- _WHAT YOU WILL DO_: Before you write out the listing, remove the pictures; everything else stays exactly as it is.

[INPUT FOR THIS TASK]

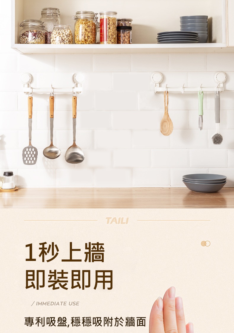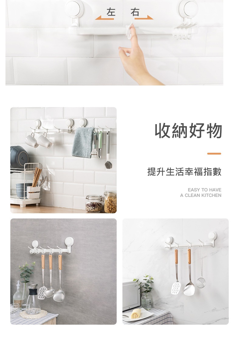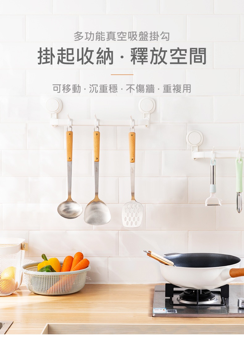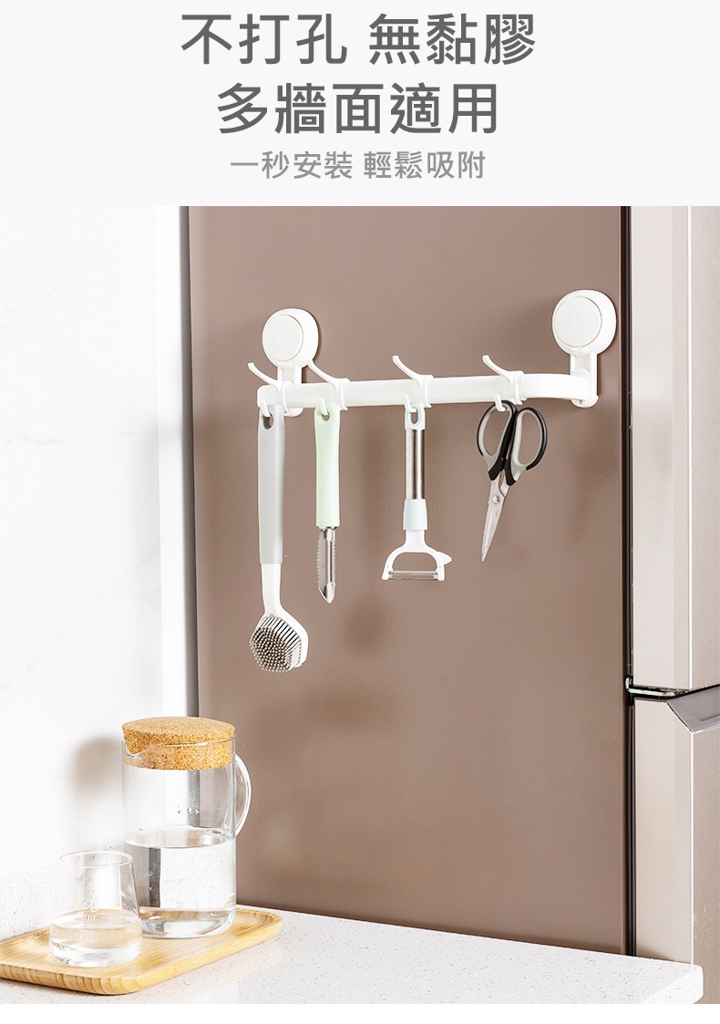 產品特色◆仿章魚吸盤設計,秒安裝穩固不掉落◆免打孔免釘免鑽,拆卸不殘膠不破壞牆面◆吸盤可隨意移轉更換位置,重複利用◆廚具懸掛收納,釋放檯面空間◆配備5掛鉤,可自由移動調節 ◆掛桿太空鋁材質,耐用不易生鏽◆與牆距離8.7cm,掛物通風易晾乾◆適用居家多場景,廚房/衛浴/玄關等掛件收納
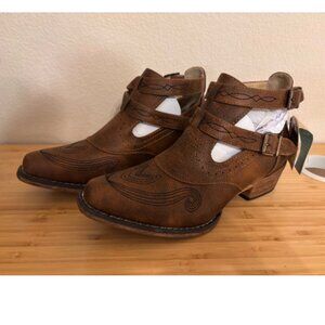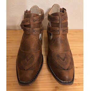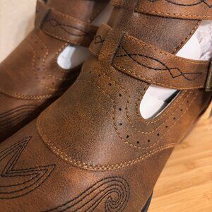 NWT: Roper Willa Shorty Cowboy Boots, Embroidered Faux Leather, Snip Toe, Size 9
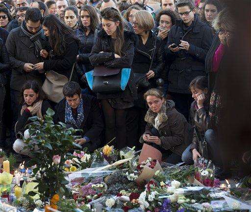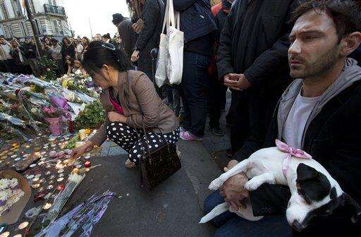 People pay their respect to the victims at the site of the attacks on restaurant Le Petit Cambodge (Little Cambodia) and the Carillon Hotel on the first of three days of national mourning in Paris, Sunday, Nov. 15, 2015. Thousands of French troops deployed around Paris on Sunday and tourist sites stood shuttered in one of the most visited cities on Earth while investigators questioned the relatives of a suspected suicide bomber involved in the country's deadliest violence since World War II. (AP Photo/Peter Dejong) The Associated Press
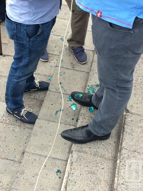 Выступление главы партии "Движение новых сил" прервал неизвестный хулиган. Нарушителя оттеснили, потом присутствующие с кулаками выгнали его, а полицейские тут же задержали. Облитый зеленкой Саакашвили пошутил, что его "приняли в партию зеленых". После чего продолжил выступление.
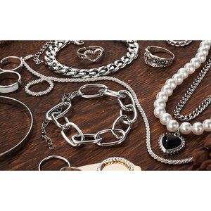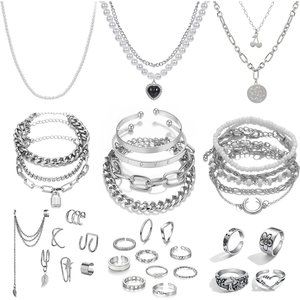 New 36 PCS Silver Plated Jewelry Set with 3 PCS Necklace, 12 PCS Bracele…
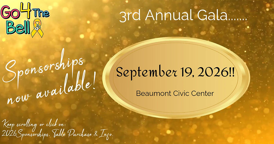 Go 4 The Bell presents its 3rd Annual Gala on September 19th, 2026 at the Beaumont Civic Center. This event raises monies that will stay in our local communities to assist our pediatric cancer patients and their families with their expenses. This will be our third gala and is expected to be a continued and long-term fundraising event in our area.
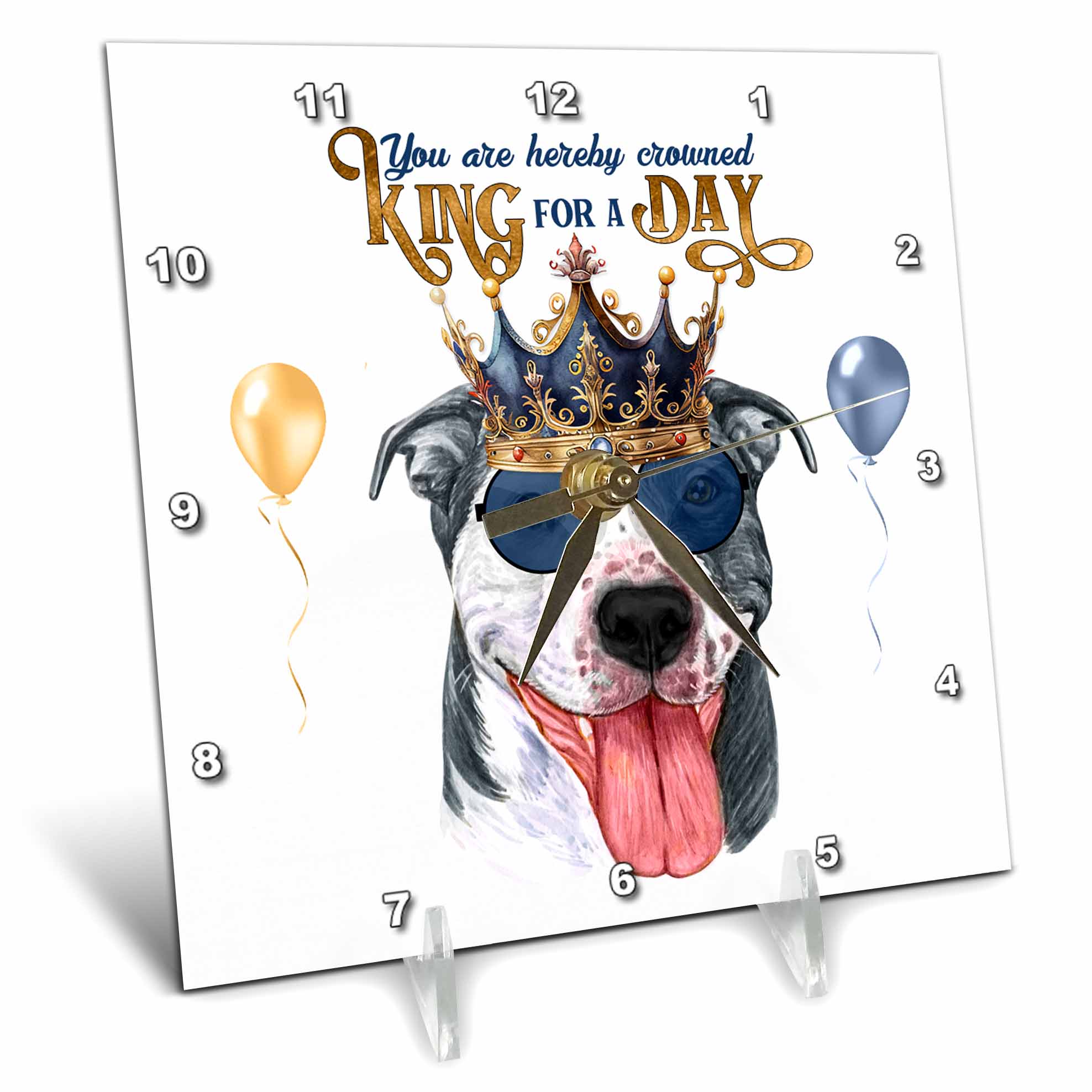 Desk Clock - Staffordshire Terrier Pit Bull Dog in a Crown King of the Day for Dads KING for a Day Dogs
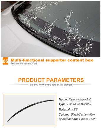 Wings Restraint For Tesla Model 3 Accessories Spoiler Carbon Fiber ABS Trunk Rear Spoiler Cover Trim Water Retaining Wing Model3, $100 cash pick up, reply with your contact info if interested, thanks.
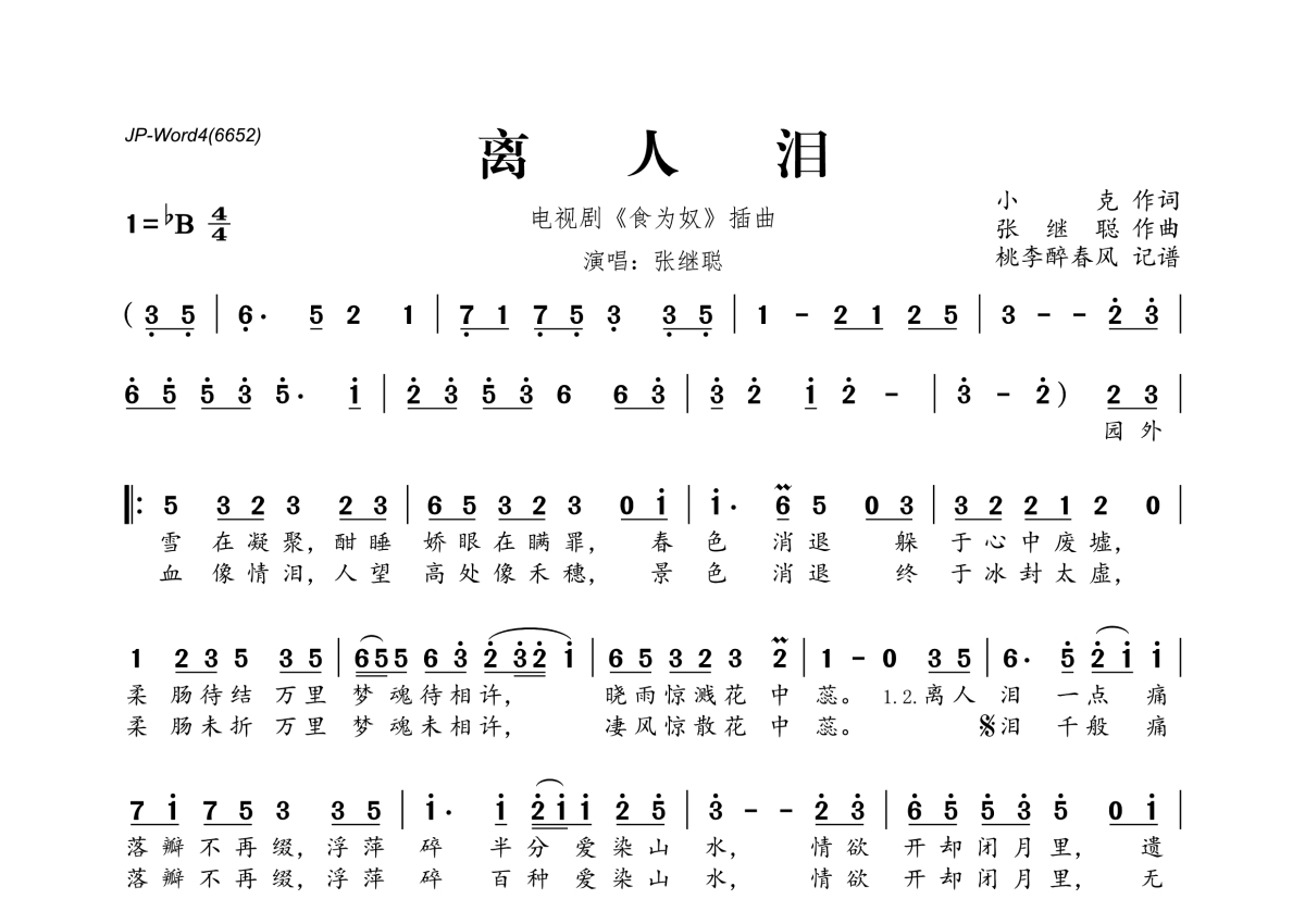 张继聪《离人泪》简谱
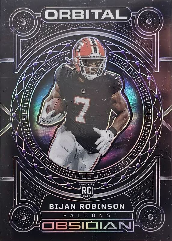 The Bijan Robinson 2023 Obsidian #1 Orbital - Electric Etch Purple /75 Rookie card in Raw condition has not changed in price in the last 30 days and was last sold for $19.99 .
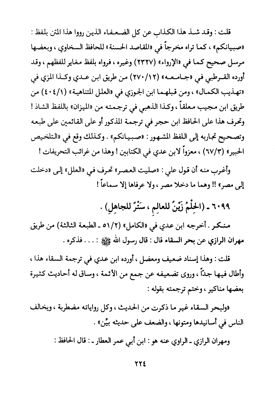 "صبيانكم "، كما تراه مخرجاً في "المقاصد الحسنة " للحافظ السخاوي، وبعضها
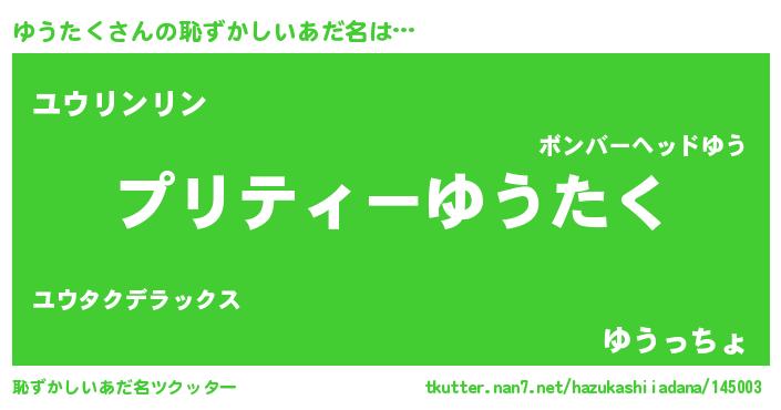 | ヒーロー風カッコイイあだ名 | 『スーパーユウタク』『仮面ユウダー』 |
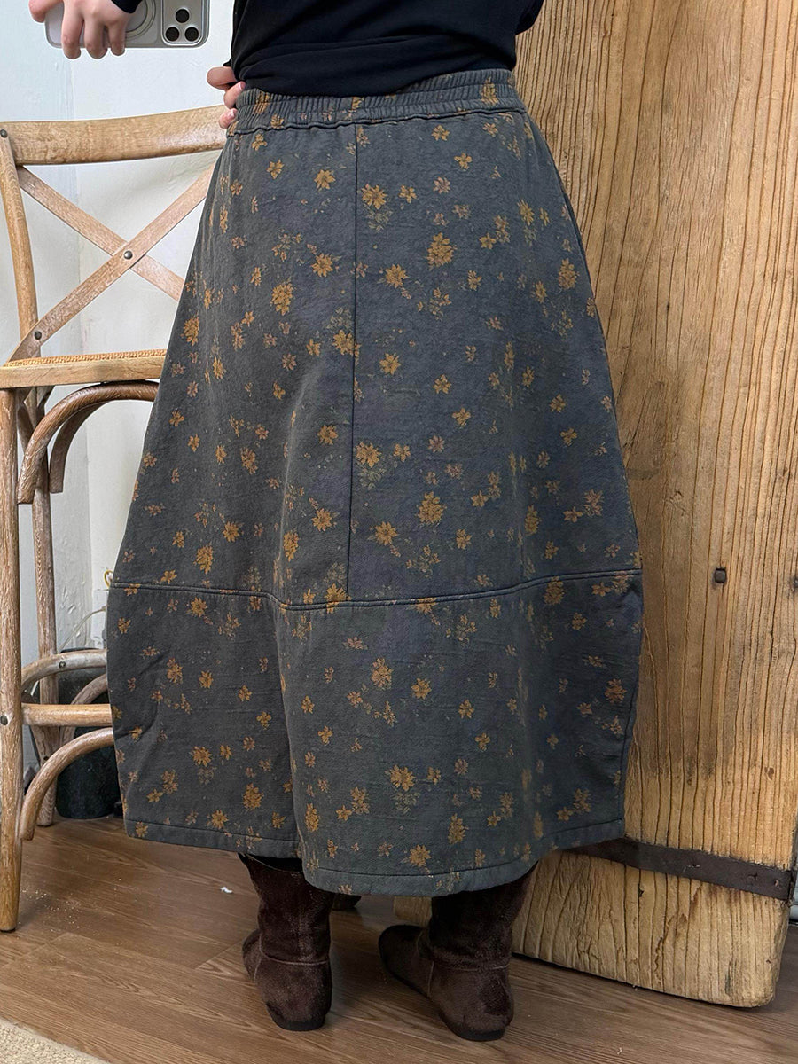 Women Winter Vintage Floral Fleece-lined Cotton Skirt
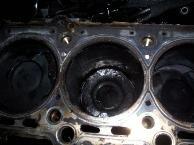 war der injektor vom 4. zylinder undicht dadurch isser auf dem zylinder wohl zu heiß geworden und der kolben geschmolzen, das geschmolzene material hat sich schön an der zylinderwand abgesetzt und er hat angefangen zu fressen wobei das meiste was man sieht der abrieb vom kolben ist
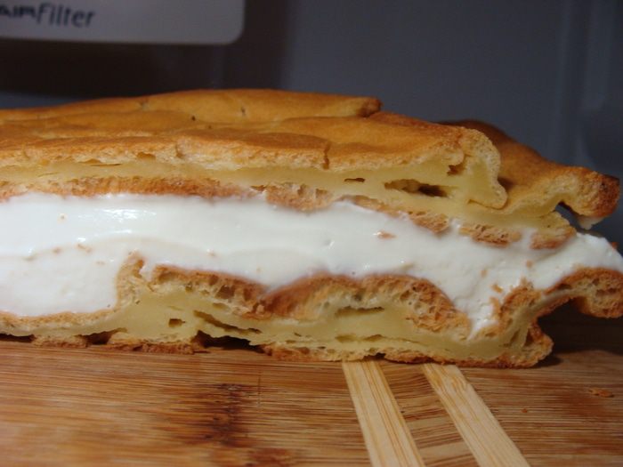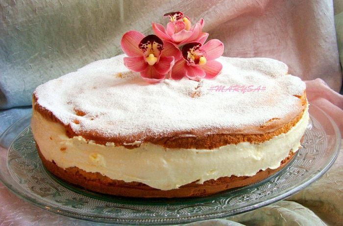 Замочить желатин в воде, настоять, потом растопить. Смешать рикотту, сливки, сахарную пудру, ванилин, потом добавить желатин, поставить в холод застывать, периодически помешивая массу. Когда масса застынет до такого состояния, что не будет растекаться, распределить ее по одному коржу и накрыть вторым, убрать в холодильник на ночь. Крем не должен быть очень плотным.
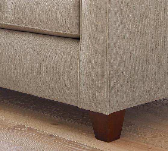 - Removable, square tapered, engineered wood legs feature a Bourbon finish.
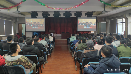 组织全院师生在学院东配楼集中收看了庆祝改革开放四十周年大会。
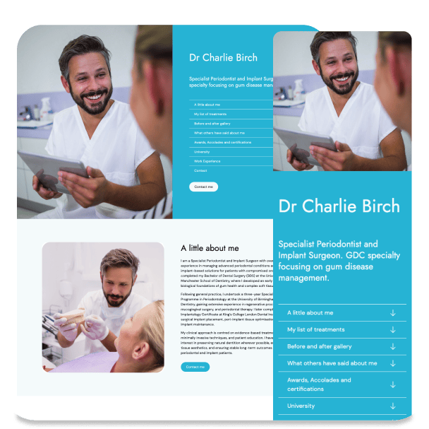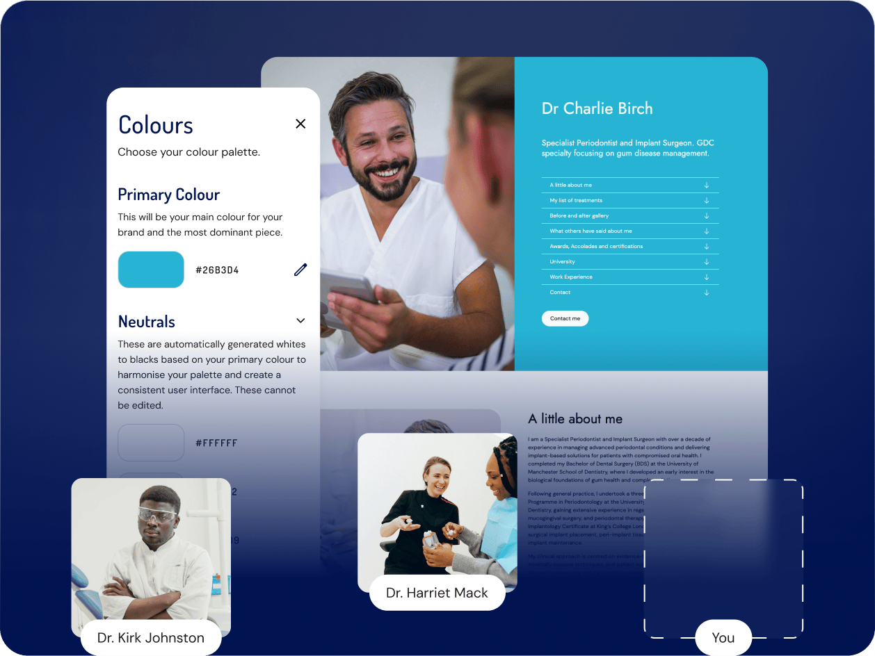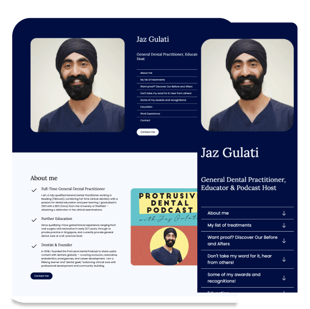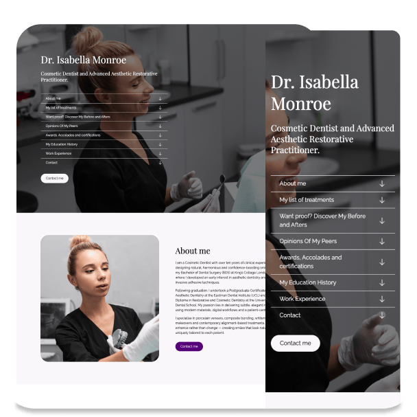 Dentistry is a competitive market and these days portfolios are dull, boring and either have too little or too much content. With our portfolio builder, easily choose a design that resonates with you, clearly states your skills and get people interested.

[/INPUT FOR THIS TASK]

- _RESULT BELOW_:
 產品特色◆仿章魚吸盤設計,秒安裝穩固不掉落◆免打孔免釘免鑽,拆卸不殘膠不破壞牆面◆吸盤可隨意移轉更換位置,重複利用◆廚具懸掛收納,釋放檯面空間◆配備5掛鉤,可自由移動調節 ◆掛桿太空鋁材質,耐用不易生鏽◆與牆距離8.7cm,掛物通風易晾乾◆適用居家多場景,廚房/衛浴/玄關等掛件收納
 NWT: Roper Willa Shorty Cowboy Boots, Embroidered Faux Leather, Snip Toe, Size 9
 People pay their respect to the victims at the site of the attacks on restaurant Le Petit Cambodge (Little Cambodia) and the Carillon Hotel on the first of three days of national mourning in Paris, Sunday, Nov. 15, 2015. Thousands of French troops deployed around Paris on Sunday and tourist sites stood shuttered in one of the most visited cities on Earth while investigators questioned the relatives of a suspected suicide bomber involved in the country's deadliest violence since World War II. (AP Photo/Peter Dejong) The Associated Press
 Выступление главы партии "Движение новых сил" прервал неизвестный хулиган. Нарушителя оттеснили, потом присутствующие с кулаками выгнали его, а полицейские тут же задержали. Облитый зеленкой Саакашвили пошутил, что его "приняли в партию зеленых". После чего продолжил выступление.
 New 36 PCS Silver Plated Jewelry Set with 3 PCS Necklace, 12 PCS Bracele…
 Go 4 The Bell presents its 3rd Annual Gala on September 19th, 2026 at the Beaumont Civic Center. This event raises monies that will stay in our local communities to assist our pediatric cancer patients and their families with their expenses. This will be our third gala and is expected to be a continued and long-term fundraising event in our area.
 Desk Clock - Staffordshire Terrier Pit Bull Dog in a Crown King of the Day for Dads KING for a Day Dogs
 Wings Restraint For Tesla Model 3 Accessories Spoiler Carbon Fiber ABS Trunk Rear Spoiler Cover Trim Water Retaining Wing Model3, $100 cash pick up, reply with your contact info if interested, thanks.
 张继聪《离人泪》简谱
 The Bijan Robinson 2023 Obsidian #1 Orbital - Electric Etch Purple /75 Rookie card in Raw condition has not changed in price in the last 30 days and was last sold for $19.99 .
 "صبيانكم "، كما تراه مخرجاً في "المقاصد الحسنة " للحافظ السخاوي، وبعضها
 | ヒーロー風カッコイイあだ名 | 『スーパーユウタク』『仮面ユウダー』 |
 Women Winter Vintage Floral Fleece-lined Cotton Skirt
 war der injektor vom 4. zylinder undicht dadurch isser auf dem zylinder wohl zu heiß geworden und der kolben geschmolzen, das geschmolzene material hat sich schön an der zylinderwand abgesetzt und er hat angefangen zu fressen wobei das meiste was man sieht der abrieb vom kolben ist
 Замочить желатин в воде, настоять, потом растопить. Смешать рикотту, сливки, сахарную пудру, ванилин, потом добавить желатин, поставить в холод застывать, периодически помешивая массу. Когда масса застынет до такого состояния, что не будет растекаться, распределить ее по одному коржу и накрыть вторым, убрать в холодильник на ночь. Крем не должен быть очень плотным.
 - Removable, square tapered, engineered wood legs feature a Bourbon finish.
 组织全院师生在学院东配楼集中收看了庆祝改革开放四十周年大会。
 Dentistry is a competitive market and these days portfolios are dull, boring and either have too little or too much content. With our portfolio builder, easily choose a design that resonates with you, clearly states your skills and get people interested.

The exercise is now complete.